Msgr. Luigi Giussani claims that “the only condition for being truly and faithfully religious…is to live always the real intensely.”i This line stays with me in these solitary days, when “the real” has become surreal. [...]
The author uses "death as isolation" as the first explanatory key, basing it on the writings of Joseph Ratzinger.
Following the Judeo-Christian tradition, Ratzinger does not view death in a one-sided manner, as if it were only an experience of bodily corruption that marks the end of one’s physical life. Instead, “death is present as the nothingness of an empty existence which ends up in a mere semblance of living.”v Ratzinger says, “Death is absolute loneliness…the loneliness into which love can no longer advance is — hell.”

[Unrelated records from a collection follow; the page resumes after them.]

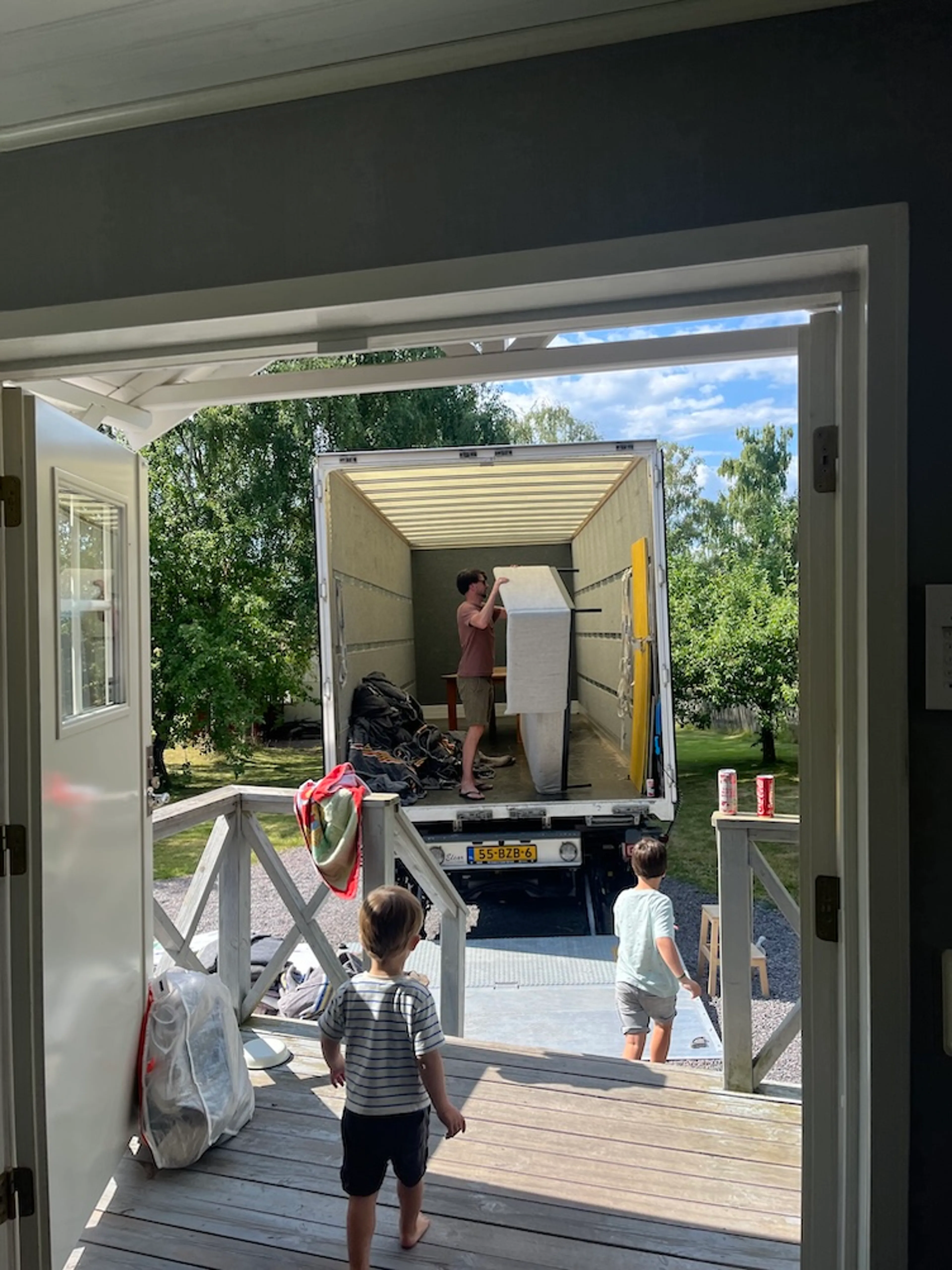 Het was enorm rommelig en Sytze had niet door dat ik inmiddels al de sleutels had ontvangen (ze geven ze aan, want op de tafel leggen brengt volgens de Zweden ongeluk). Maar de bank was akkoord, de handtekeningen gezet, de sleutels in ons bezit, en dus bedankten we iedereen en gingen we snel met de kinderen naar buiten. Op naar onze nieuwe plek!
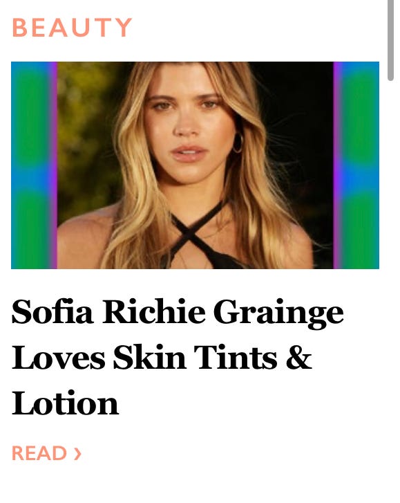 This Refinery 29 headline is fine, it just made me lol because it’s so unbelievably boring and who cares: “Sophia Richie Grainge Loves Skin Tints & Lotion.”
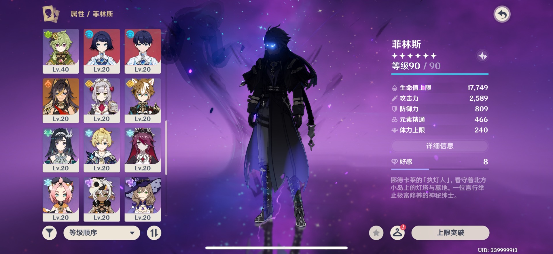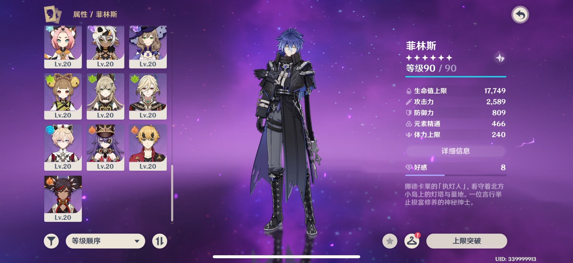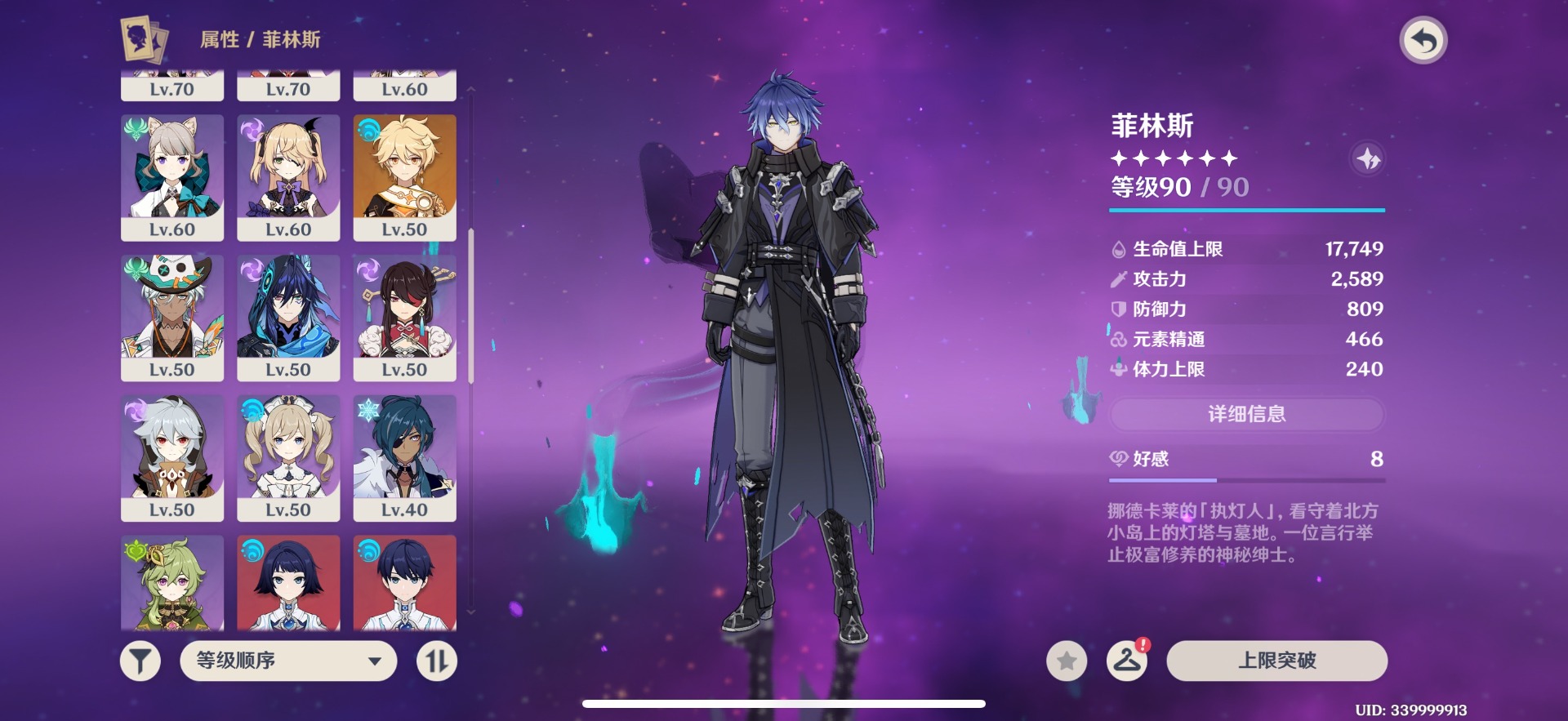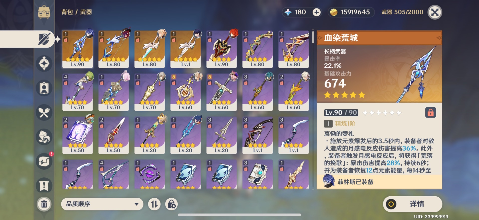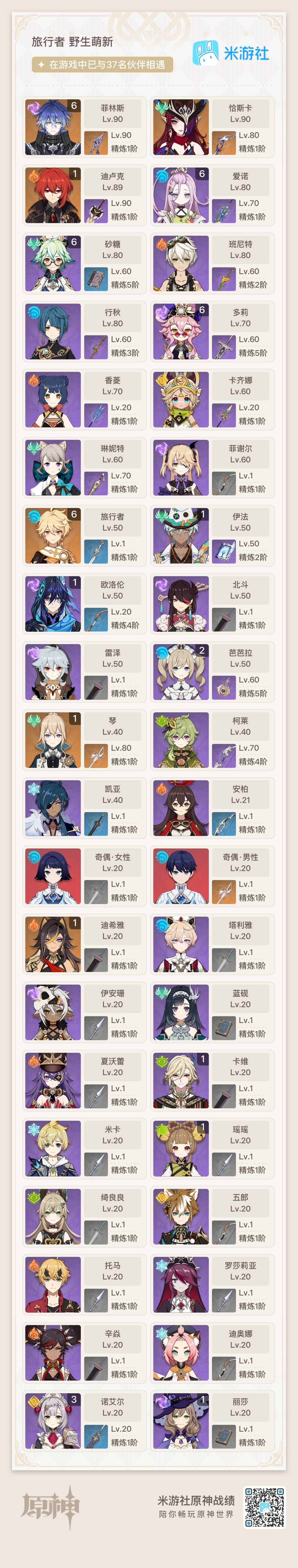[14493603]【总黄数】:14 【冒险等级】:56 【6命金色角色】:满命菲林斯 【1命金色角色】:一命迪希雅一命迪卢克一命琴 【0命金色角色】:恰斯卡
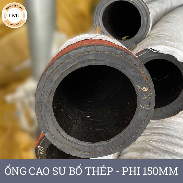 Ống cao su bố thép phi 150mm được cấu tạo từ nhiều lớp cao su và lớp bố thép gia cường, giúp tăng cường độ bền và khả năng chịu lực. Lớp ngoài cùng của ống được làm từ cao su chịu lực, chống mài mòn và chịu được tác động của môi trường khắc nghiệt. Lớp trong cùng là cao su chịu dầu và chịu hóa chất, đảm bảo không bị ảnh hưởng bởi các chất lỏng công nghiệp.
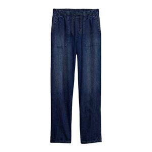 These casual mid rise pants feature an elastic waistband with drawcords, four-pocket styling and easy, relaxed leg. They have no stretch, authentic GAP denim that gets better with every wear. Made to wear all day & break in over time.
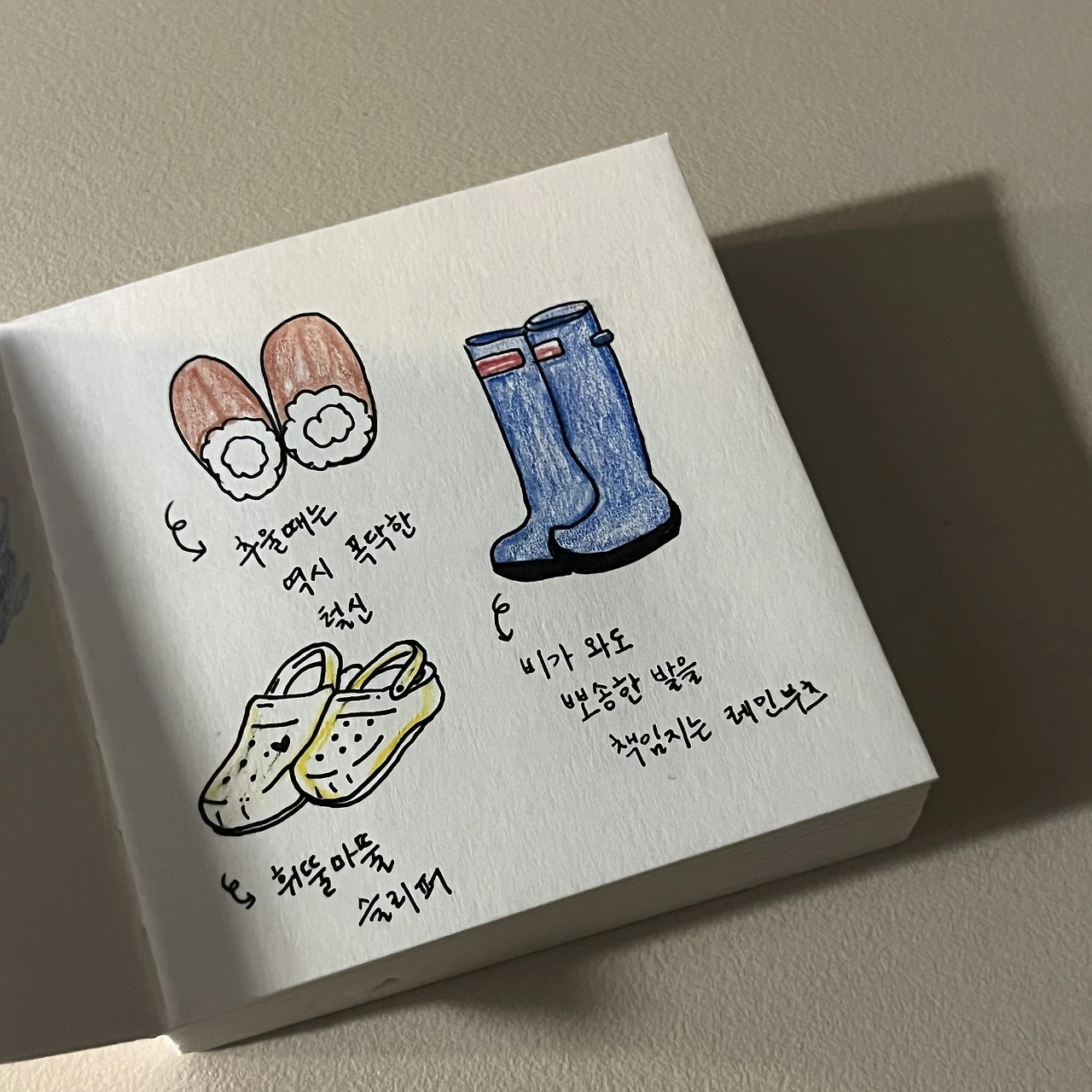 계절별로 필요한 신발들이 뒤죽박죽 나와있는 데다, 겨울임에도 레인부츠까지!
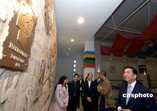 中國臺北國際奧委會委員吳經國先生(右一),在廈門奧林匹克博物館向來賓介紹歷屆夏季奧運會海報浮雕墻。
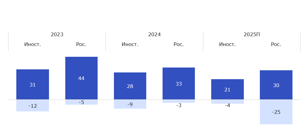 Структура иностранных брендов по стране происхождения, 2025 г.
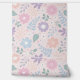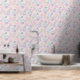 A colourful and cute wallpaper with soft pink, blue, green and purple flowers and greenery. Create a soft colour palette for a nursery or toddler room. All in pastel hues perfect for girls room with a whimsical boho design.

The second explanatory principle is the definition of Person within the Trinity as "relation":
In God, in the Trinity, person is pure relativity, of being turned toward the other. The concept of person does not refer to substance, but to relationality. God’s substance is one, and person, as the “pure relativity of being turned toward the other” does not lie on the level of substance, but on the “level of dialogical reality.” Thus, Ratzinger concludes that relation is recognized as a third fundamental category “between substance and accident.”xvii Therefore, in and through Christian faith, theology manifests “the Christian newness of the personalistic idea in all its sharpness and clarity,” for “it was faith that gave birth to this idea of pure act, of pure relativity…it was faith that thereby brought the personal phenomenon into view.”xviii
Ratzinger argues that the early developments in Trinitarian understanding offer profound insight in the area of anthropology as well. For the human being to be made in God’s “image and likeness,” must, in some way mean that the human being is a personal being. In other words, the human being is “not a substance that closes itself in itself, but the phenomenon of complete relativity, which is, of course, realized in its entirety only in the one who is God, but which indicates the direction of all personal being.”xix The human being exists as a personal being, precisely because the human being is a spiritual being. God takes the basic material of earth and forms the human being, but human being only enters into existence after God breathes into the formed earth the breath of life. Now, “the divine reality enters in,” for “in the human being heaven and earth touch one another….the human being is directly related to God.”xx Based upon what has been developed in the area of Trinitarian theology, to be in God’s image, according to Ratzinger, “implies relationality,” setting “the human being in motion toward the totally Other”….“it means the capacity for relationship…the human capacity for God.”xxi To be in God’s image means to be personal, it means the human being has the capacity for a personal relationship with God and to exist as a personal being, as a social being, in relation to others human beings.Is sociability a participation in the Divine? Can we say that primates participate in the Divine? Yes, but it may be foreign to some of us. All of His creation participates in God in its own way.
Would Byzantine Christians have any difficulty with using the Divine relations to enhance theological anthropology? I don't know.